BEGIN RECORD EXTRACTS

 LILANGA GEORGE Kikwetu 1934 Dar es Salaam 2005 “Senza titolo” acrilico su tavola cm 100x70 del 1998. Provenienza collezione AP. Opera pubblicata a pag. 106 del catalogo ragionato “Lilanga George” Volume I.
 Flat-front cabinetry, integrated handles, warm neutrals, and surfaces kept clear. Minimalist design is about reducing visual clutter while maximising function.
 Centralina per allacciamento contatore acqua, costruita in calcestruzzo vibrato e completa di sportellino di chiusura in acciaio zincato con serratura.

END RECORD EXTRACTS
BEGIN RECORD EXTRACTS

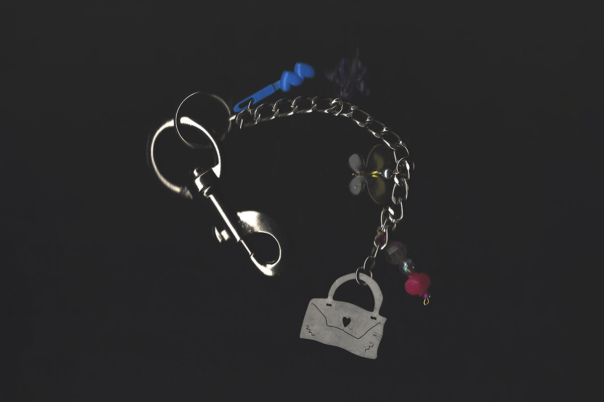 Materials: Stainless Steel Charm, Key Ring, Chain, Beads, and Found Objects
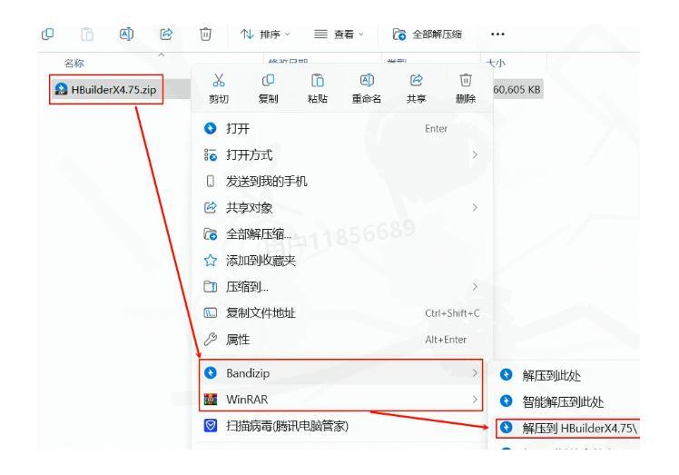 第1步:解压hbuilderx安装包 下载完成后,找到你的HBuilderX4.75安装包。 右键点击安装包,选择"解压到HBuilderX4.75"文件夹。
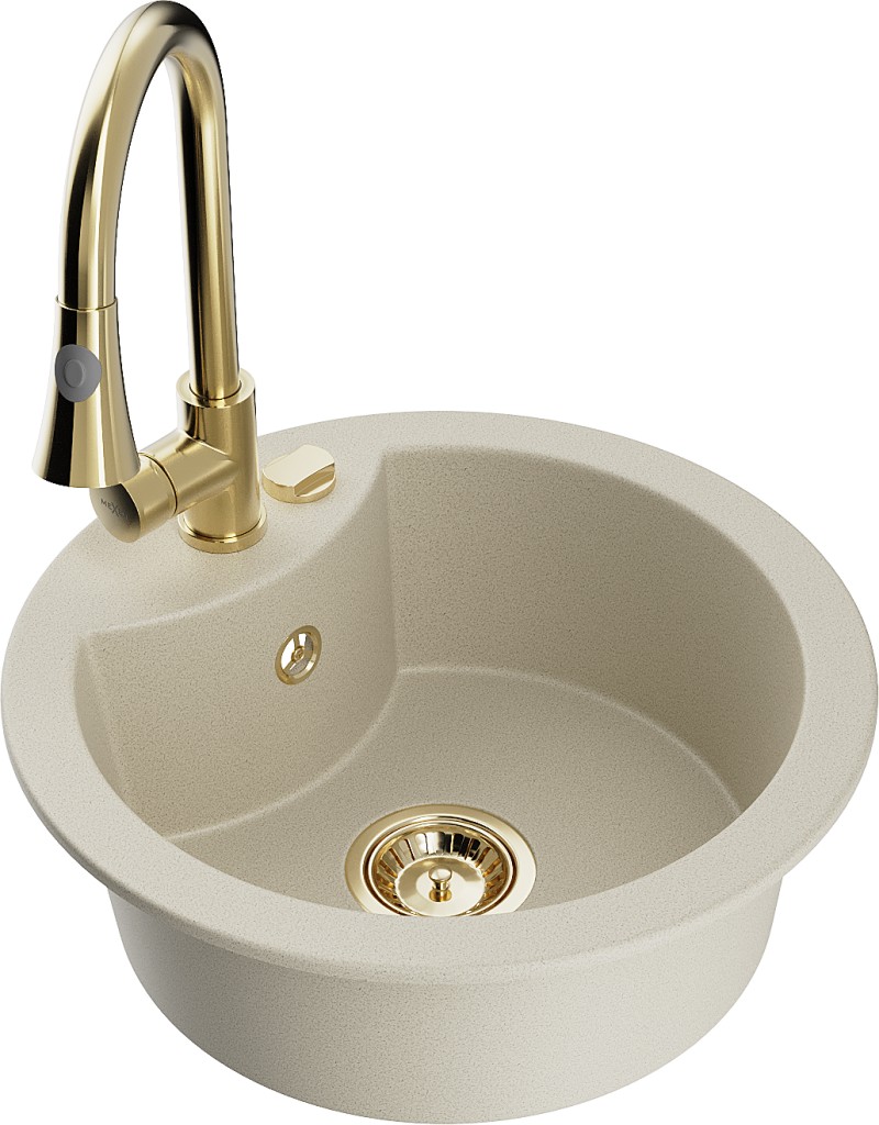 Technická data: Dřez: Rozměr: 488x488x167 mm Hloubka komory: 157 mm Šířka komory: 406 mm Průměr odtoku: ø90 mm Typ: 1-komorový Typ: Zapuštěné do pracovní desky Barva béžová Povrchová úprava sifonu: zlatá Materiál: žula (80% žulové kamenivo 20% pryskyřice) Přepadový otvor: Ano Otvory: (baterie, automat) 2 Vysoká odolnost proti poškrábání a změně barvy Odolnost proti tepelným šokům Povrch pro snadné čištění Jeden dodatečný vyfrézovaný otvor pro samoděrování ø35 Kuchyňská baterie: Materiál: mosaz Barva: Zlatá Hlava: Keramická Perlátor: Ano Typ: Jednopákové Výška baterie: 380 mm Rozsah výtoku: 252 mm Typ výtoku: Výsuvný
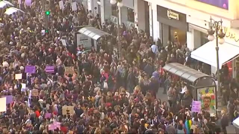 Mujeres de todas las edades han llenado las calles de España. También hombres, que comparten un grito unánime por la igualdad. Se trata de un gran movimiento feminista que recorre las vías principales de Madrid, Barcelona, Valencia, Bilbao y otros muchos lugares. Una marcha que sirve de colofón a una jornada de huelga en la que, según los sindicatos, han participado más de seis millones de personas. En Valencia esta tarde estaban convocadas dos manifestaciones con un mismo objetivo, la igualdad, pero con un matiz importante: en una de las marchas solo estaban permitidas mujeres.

END RECORD EXTRACTS

DIRECTIONS FOR THIS TASK:
Whatever else the listing above holds, retype exactly only the lines from the one containing "LILANGA GEORGE Kikwetu" to the one containing "Flat-front cabinetry, integrated", both ends kept.

RESULT OF THIS EXERCISE:
 LILANGA GEORGE Kikwetu 1934 Dar es Salaam 2005 “Senza titolo” acrilico su tavola cm 100x70 del 1998. Provenienza collezione AP. Opera pubblicata a pag. 106 del catalogo ragionato “Lilanga George” Volume I.
 Flat-front cabinetry, integrated handles, warm neutrals, and surfaces kept clear. Minimalist design is about reducing visual clutter while maximising function.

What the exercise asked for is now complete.